Steven Bochco came to know another, looser Iger in the early 1990s, when the prolific television producer sat down with the then-head of ABC to map out NYPD Blue, the gritty cop show that would feature, among other things, its stars' naked derrieres.

"I remember sitting in Bob's office, just the two of us, with a pad and a pencil, drawing dirty pictures like a couple of sixth-graders," the producer recalled.

Bochco laughs at the memory of using those sessions "to decide what was acceptable and what wasn't."

But he is quick to credit Iger for developing a clear set of standards for the series, which ran for 12 years beginning in 1993, and for standing by the show when the religious right assailed it for its racy themes.

Bochco and others say it is this Iger - deliberate and steadfast - who will prove effective when he officially succeeds Eisner at midnight.

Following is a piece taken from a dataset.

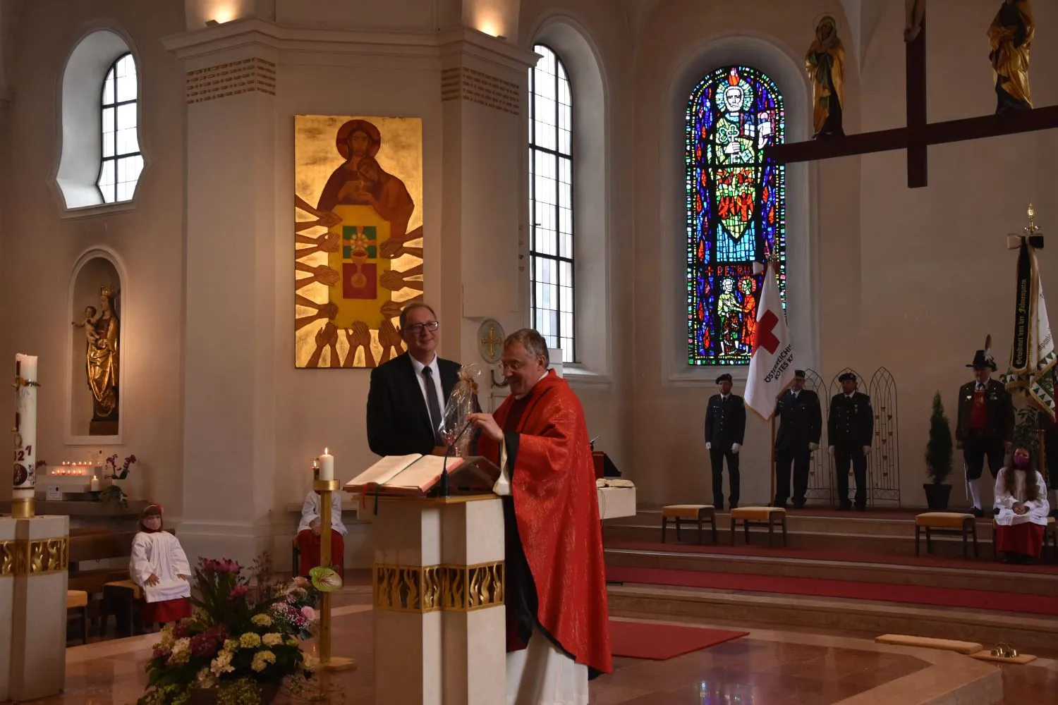 Den wesentlichen Protagonisten der Kirchenrenovierung, Johann Mauracher, Obmann des Pfarrkirchenrates, Pfarrkirchenrat Architekt Hubert Lechner, der ehrenamtlich die Planung, Organisation und Koordination der Arbeiten innehatte, Pfarrkirchenrat Hanspeter Gruber, der die Abwicklung des Spendenkontos über das Bundesdenkmalamt verantwortete und Pfarrsekretärin Ingrid Spitzenstätter, die die Verwaltung, Antragstellung für Fördergelder und Sitzungskoordination überhatte, wurde mit kleinen Anerkennungsgeschenken herzlichst für die intensive und professionelle Arbeit gedankt.
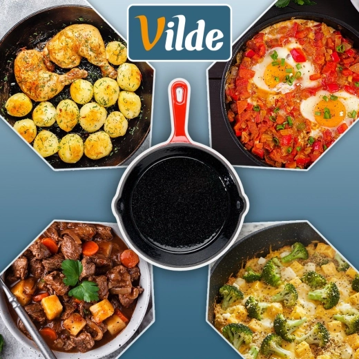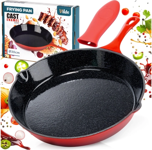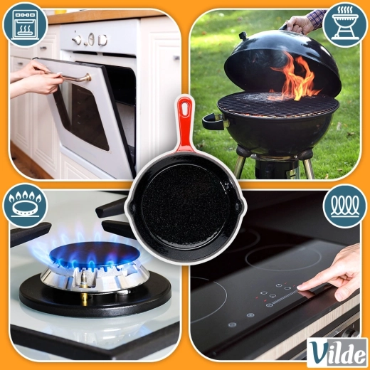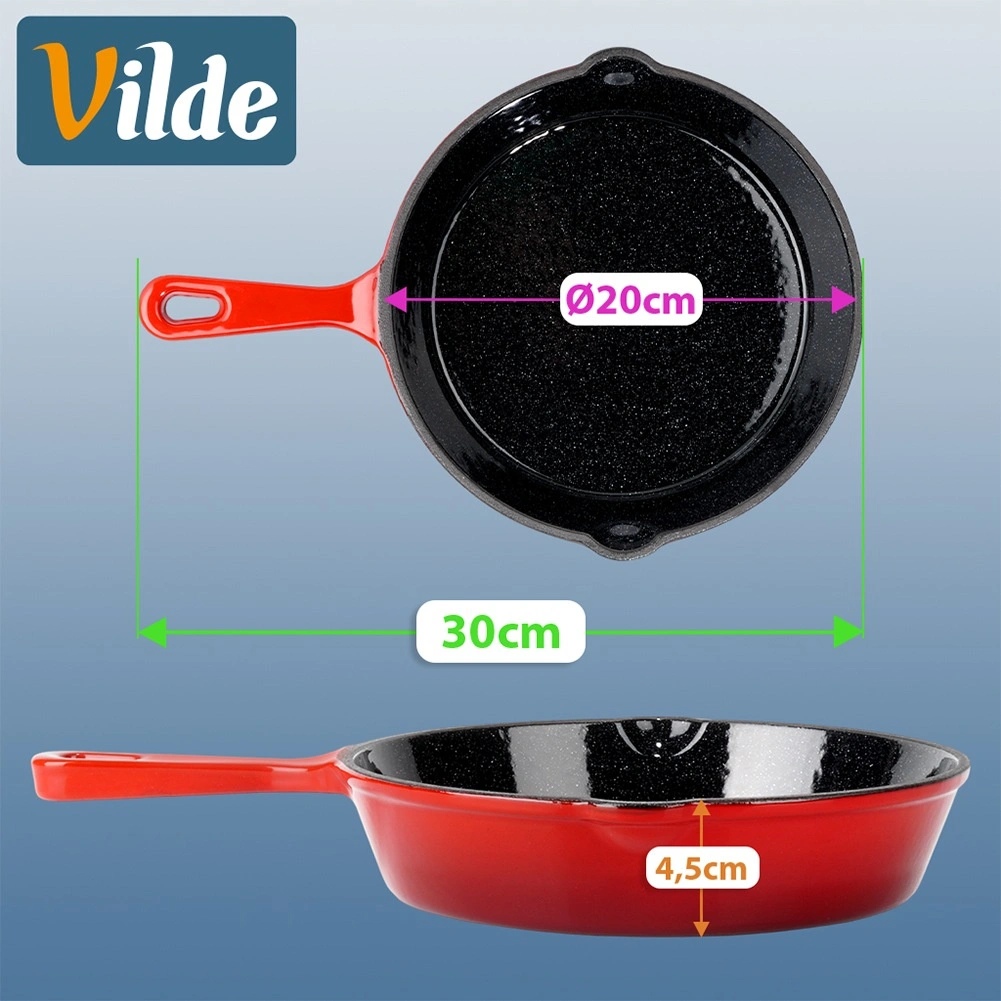 Uniwersalne zastosowanie w kuchni, na grillu i nad otwartym ogniem czyni z tej patelni świetnego towarzysza w domu i w podróży. Solidne wykonanie i ponadczasowy design w czerwonym kolorze podkreślają jakość marki VILDE z linii CAST ENAMEL.

In a sense, Iger is the flip side of Eisner, who had little compunction about roiling the corporate waters and seeking the spotlight. Iger is known for being more collegial than combative, a man who hopes to create a calmer environment in a company that has been through much upheaval in recent years.

For all practical purposes, Iger, 54, already has put his mark on Disney. Soon after the board picked him in March, Eisner handed over the reins to the entertainment empire, whose theme parks, movies, television networks and consumer products generate more than $30 billion a year. So far, he's drawn good reviews from company insiders, investors and analysts.

In keeping with Hollywood's tradition of never kick 'em while they're up, public criticism of Iger is hard to come by.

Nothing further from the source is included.